Listed records =
============

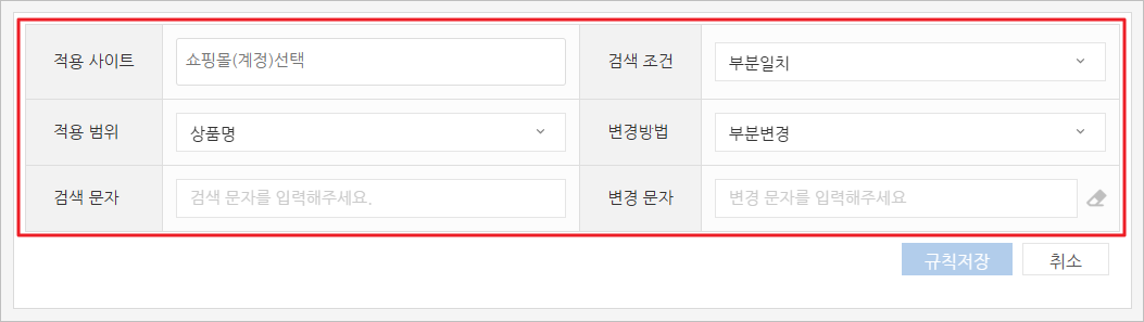 - 적용 범위 : 상품명, 옵션명, 추가구매 옵션명 중 택1
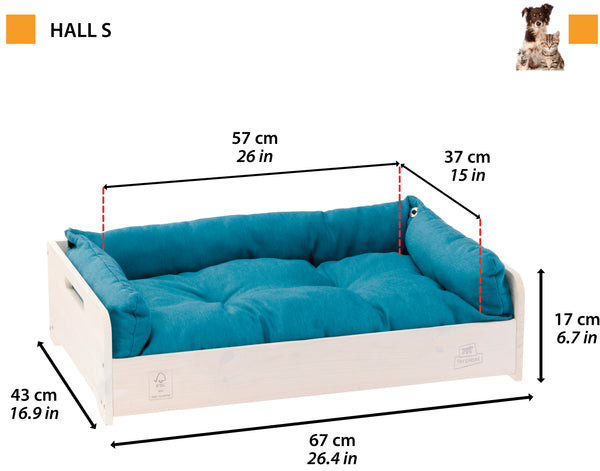 Hall — это элегантная деревянная лежанка для кошек и собак, сочетающая в себе изысканный дизайн и высочайший комфорт. Лежанка оснащена мягкой подушкой, обеспечивающей исключительный комфорт, что делает ее идеальным местом для отдыха вашего питомца. Подушка подлежит машинной стирке при температуре 30°, что позволяет всегда поддерживать чистоту и гигиену спального места.
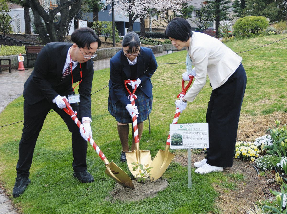 植樹式は3月25日にあり、本年度の広島・長崎平和使節として派遣された高校生、森沢恭子区長らが...
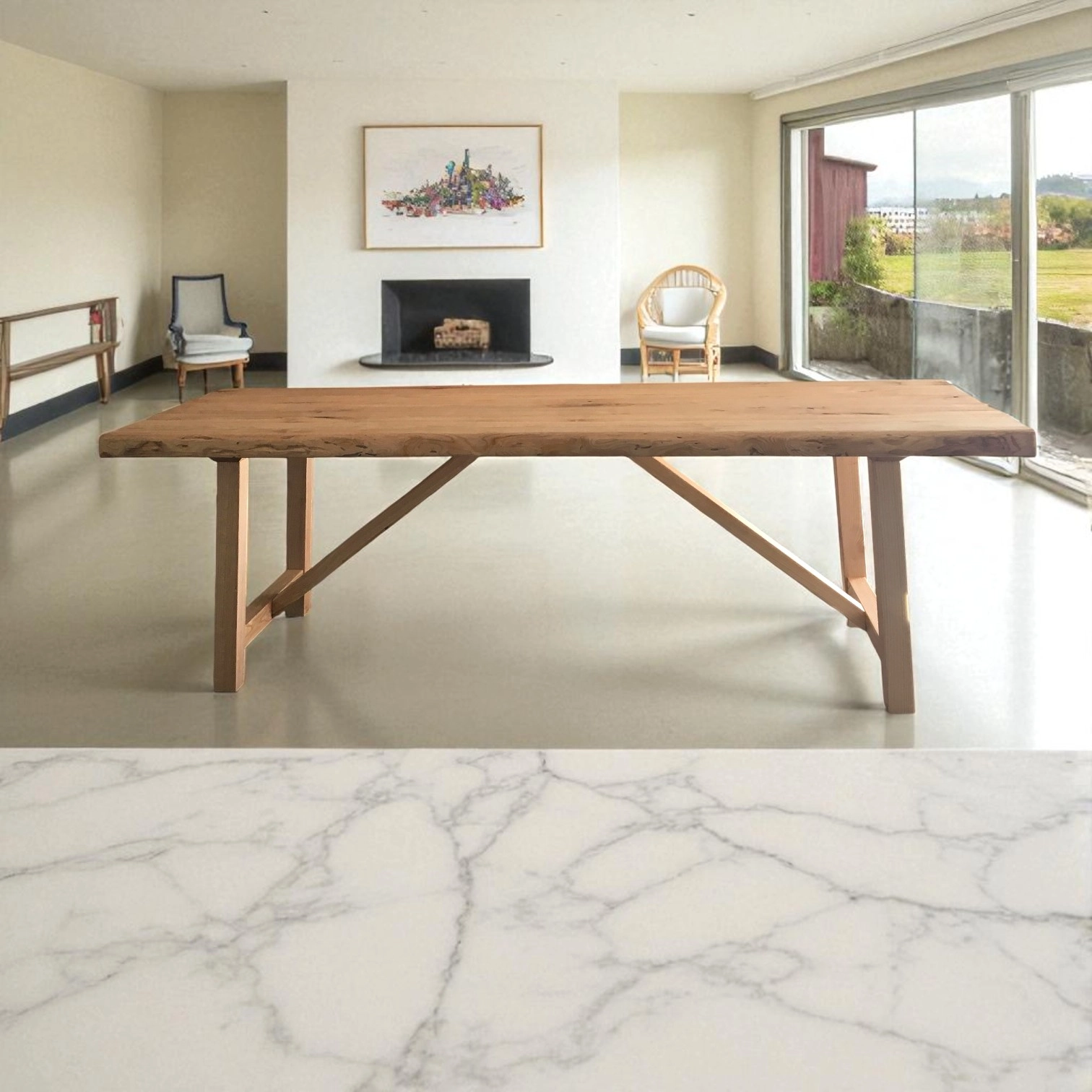 Il piano, spesso 6 cm, valorizza la matericità del castagno con venature, nodi e imperfezioni naturali che raccontano la storia del legno e rendono ogni tavolo un pezzo unico. Il basamento a capretta, solido e funzionale, richiama l’estetica dei tavoli rustici di un tempo, reinterpretata in chiave elegante e contemporanea.
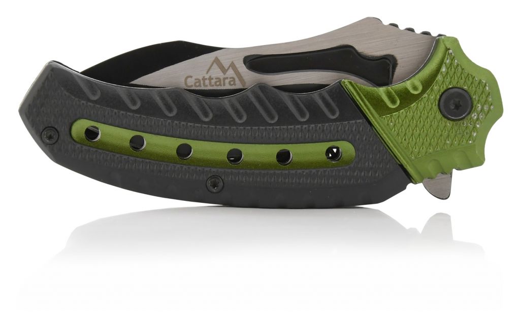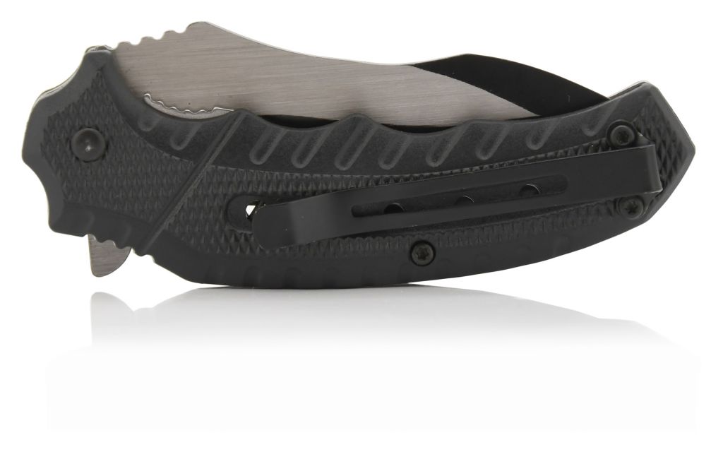 Ostrze noża wykonane jest ze stali na sztućce 420SS. Materiał jest szczególnie odpowiedni do niekorzystnych środowisk, gdzie wyróżnia się odpornością na korozję. Dzięki występowi na górnej części ostrza, przechodzącemu przez rękojeść, możliwe jest szybkie otwarcie noża poprzez pociągnięcie kciukiem. Nóż wyposażony jest w zabezpieczenie, które sterowane jest bocznym ruchem kciuka w dolnej części rękojeści. Rękojeść uzupełniona jest klipsem do przymocowania jej do krawędzi kieszeni, paska itp. Rączki wykonane są z wysokiej jakości aluminium i wytrzymałego tworzywa sztucznego.

============

Work instructions = Would you print exactly the lines in the listing above, from the line bearing "植樹式は3月25日にあり、本" through the line bearing "Il piano, spesso", leaving out all pictures?

Exercise response =
 植樹式は3月25日にあり、本年度の広島・長崎平和使節として派遣された高校生、森沢恭子区長らが...
 Il piano, spesso 6 cm, valorizza la matericità del castagno con venature, nodi e imperfezioni naturali che raccontano la storia del legno e rendono ogni tavolo un pezzo unico. Il basamento a capretta, solido e funzionale, richiama l’estetica dei tavoli rustici di un tempo, reinterpretata in chiave elegante e contemporanea.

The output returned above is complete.